Я задаю ему тот же вопрос, что и доктору Гору: бывает ли вредно увидеть мертвое тело, которое выглядит мертвым? Он отвечает, что иногда это может вызвать шок, от которого ничего хорошего не будет. Люди не хотят думать об автокатастрофе, о самоубийстве или о раке. Им хочется вспоминать жизнь до этих событий: тот футбольный матч, то чаепитие после обеда. Он считает своей задачей вызвать воспоминания, помочь людям сосредоточиться на самой утрате, а не на причине смерти.
«Мы хотим повлиять на органы чувств, поэтому важно не только то, как умерший выглядит, но и то, как он пахнет. В дело идут средства после бритья, духи, — продолжает он. — Может быть, человек при жизни любил определенный аромат, и благодаря этому его можно было узнать на расстоянии. Все это пробуждает воспоминания». Это действительно так, запахи могут вызывать «путешествие во времени». Мне доводилось проходить на улице мимо мужчин, которые пахли скипидаром, и я вдруг переносилась на 30 лет назад, чувствовала себя маленькой девочкой у отцовских ног. Я тогда смотрела, как он рисует дешевыми масляными красками, а потом сердится, что они никак не могут высохнуть.

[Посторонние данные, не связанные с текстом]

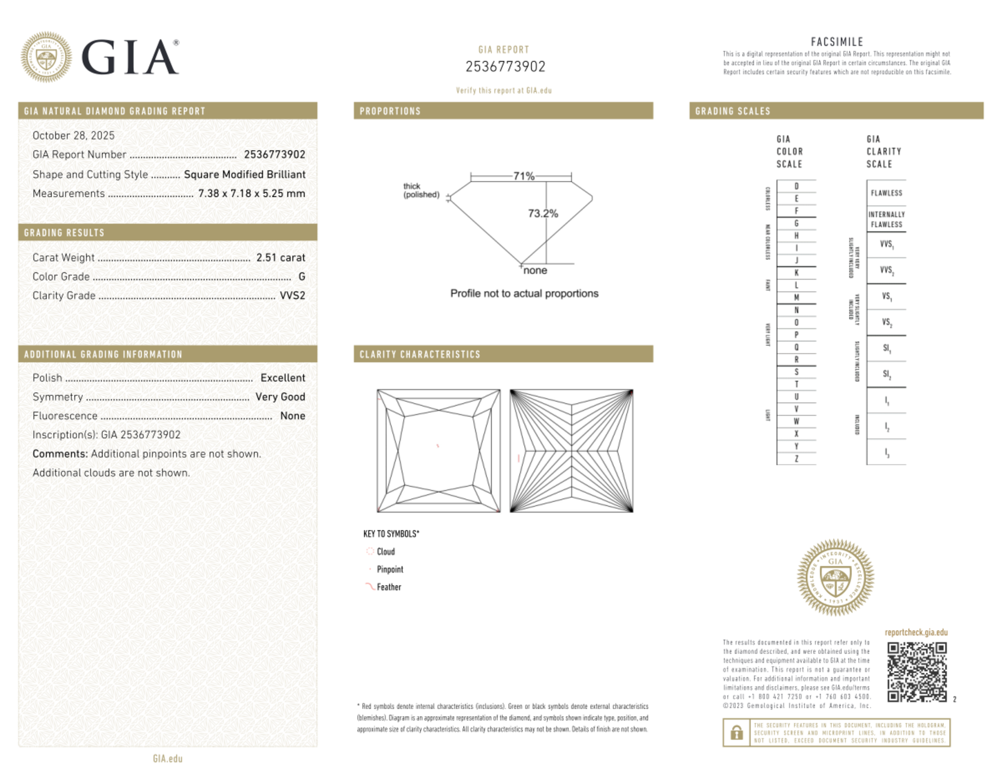 Your 2.51 carat Princess natural diamond is graded VVS2 clarity, which stands for Very Very Slightly Included 2. Read more about VVS2 clarity diamonds here, or learn more about diamond clarity in general here.

Воспоминания прячутся и в складках одежды. Кевин однажды бальзамировал и одевал «Отца Рождество»[114]
. В другой раз он переодевал очень пожилую даму в платье, в котором она выходила замуж: она сшила его собственными руками из шелка брошенных немецких парашютов, которые сохранила до возвращения жениха с войны.В Америке важнейшим элементом бальзамирования является косметика. Я видела в конце одного журнала в Kenyon рекламу палитры красок для визуальной корректировки впавших глаз, и у меня тогда даже мелькнула мысль их купить, прежде чем опомнилась и поняла, на что смотрю. В Великобритании роль этих средств традиционно меньше. Если кто-то хочет заказать макияж, Кевин попросит принести средства, которыми пользовался умерший, и потом начинает играть в детектива. «Мы не будем задавать родным никаких вопросов. Достаточно открыть и посмотреть. Там обычно четыре-пять губных помад, и одна почти совсем закончилась. Она и есть любимая. Еще будет карандаш для бровей вот такой величины… — Он сжимает пальцы и прищуривается, как будто хочет раздавить муравья. — Он тоже пойдет в дело. Теней для глаз несколько оттенков, но нам нужна та, где уже серебрится дно».
Следует пауза. Я не могу удержаться и говорю то, о чем сейчас думаю: «Знаете, вы смелый мужчина, если беретесь подводить женщинам брови».